Yeah, the title is misleading because really the problem described in the blog post is to store some unknown number of ints between 1 and 10,000. The better solution than a straight bitmap of 10,000 bits is to use all 4KB and devote three bits to each slot. Then you can remember up to 7 occurrences of each integer.
There's no need for bloom filters here because you can already cover all the possibilities using a bitmap.
Additionally you could decide to only store up to 6 occurrences of each integer in the bit array, use the value of 7 as an indicator that there are 7 or more occurrences and store the actual counts for those cases in a sorted array occupied by the remaining 346 bytes left in the 4KB page.
This looks like a very simplified bloom filter made with a very bad hash function. Mind you, though, I am pretty sure I'd never rediscover that particular data structure by myself :)
Basically it depends on whether you expect to have to record more than 32000 / 14 = 2200 or so values, in which case simply keep a sorted list of the actual integers using a sorting/insertion algorithm of your choice, or you expect to receive fewer than 8 occurrences of a given integer, in which case use a 10,000 x 3-bit deep bitmap, or you don't care how many occurrences of each integer there were, in which case use a 10,000 x 1-bit deep bitmap.
In any event the unintelligible and buggy proposed solution doesn't seem like a good choice.
I'm confused. Is 10000 the number of integers or the maximum integer that has to be stored?
I would have thought it (in general) impossible to store more than 2^15/log2(10000)~2500 integers between 1 and 10000 in 4kB, but I look forward to hearing more.
If you know the maximum integer you can receive, you can do a sort of bucket sort, where the Nth bit in the page represents whether you have revceived number N. So yo can store as many numbers as bits you have available.
Well obviously. That idea is not (IMO) worthy of a news post. But it doesn't say that the integers are distinct. I'd be interested to hear if it was possible to store numbers in general better than above.
If the integers cannot be guaranteed to be distinct, and all of them must be presented at the end, then no algorithm which restricts itself to O(1) memory usage can be correct. Since the problem restricts you to using 4KB of RAM (O(1)), and there is presumably a solution, you can conclude that you need not count non-distinct inputs - but yeah, it's kind of a bad problem description.
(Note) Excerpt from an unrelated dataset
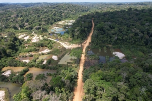Determine 2 A drone picture of unlawful gold mining websites adjoining to the ‘official’ highway of the timber firm, August 2025; Picture courtesy of Da’uk Munduruku audio visible collective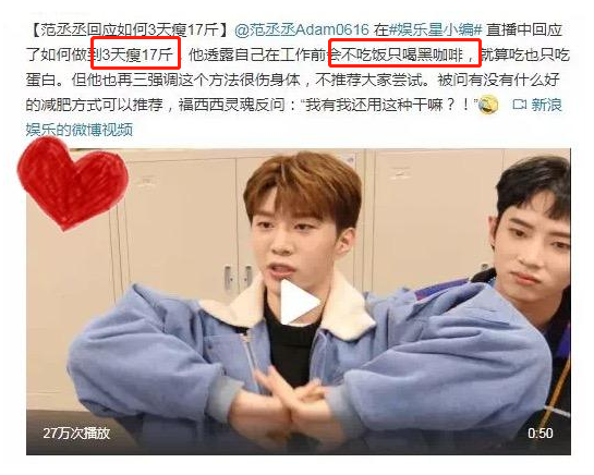 喝黑咖啡减肥的明星不只有信,范丞丞也透露自己曾3天之内靠喝黑咖啡狂瘦了17斤,这也让不少他的粉丝惊呆了。

I'm not sure you can change the question just because there is no answer :P
4KB of RAM is not the same as an O(1) memory requirement, since we have already restricted the number and range of integers to 10000 (i.e. constants),so there is nothing left to vary. The page size just presents a target ratio for compression, not an asymptotic restriction on memory usage.
In general, do that then run some compression on it. That will do better if the data wasn't random.
Or if you're expecting random data, invent a biased compression algorithm and use that (e.g. one that has shortcuts for storing any multiples of 3). Most of the time it will do nothing and a few times you'll randomly get data it's good at.
Actually on second thought I'm not sure if that works or not. You'll need a header to identify if the compression was used or not. So the compression has to save more on average than this header info costs.
This header problem becomes clearer if you try to chain thousands of special-case compression algorithms that map a single input to one bit and otherwise are unused. Seems to save space at first (at cost of CPU time, and space to store these algorithms), but actually identifying which are used or not will be a problem. Since they all need unique headers, you need just as many header possibilities as there are numbers in the range, so you must as well just use the numbers for the headers, at which case you're actually not doing anything since the header is the data.
You can't do a bitmap in general b/c random integers are really, really big.
If there is a compression algorithm that works on 10% of data sets, and does massive harm on the other 90%, you can use or not use it, at the cost of a small amount of header information and a bunch of CPU time, and it doesn't matter that in general, on average, it's quite bad. All that matters is whether the times it's good beat the header info cost. I think. I'm not sure this is helpful but it doesn't require a compression algorithm being a net gain on average.
I would have thought it (in general) impossible to store more than 2^15/log2(10000)~2500 integers between 1 and 10000 in 4kB, but I look forward to hearing more.
Yeah, I was thinking about that, too. Something theoretically screams 'No' to me. You have 2^15 bits of storage available, and each number takes log2(10,000) bits, I can't see storing more than the one divided by the other, if each number is equally likely and random.
But! Since we have flexibility in the order in which the integers are stored in the array, could we store a couple "meta integers"? e.g. Could we put our 2,500 integers in the array in such a way that the bits in log2(10,000) locations spell out a 2,501st integer between 1 and 10,000?
I feel like it can't always work: maybe our 2500 integers are just such that there's no way to put them in to spell out the meta integer. OTOH, that's just one scheme I thought of, and perhaps there is a way I'm not thinking of that we can leverage the order in which we put the integers in the array. There might be some free "information" that way that is not being counted by the simple number of bits of storage.
Another thought: Maybe the default ordering of the integers is ascending, and we can break that known ordering in certain places to convey information about the 2501 integer. But then -- what if all the integers given are the same? Sigh.
There's no need for bloom filters here because you can already cover all the possibilities using a bitmap.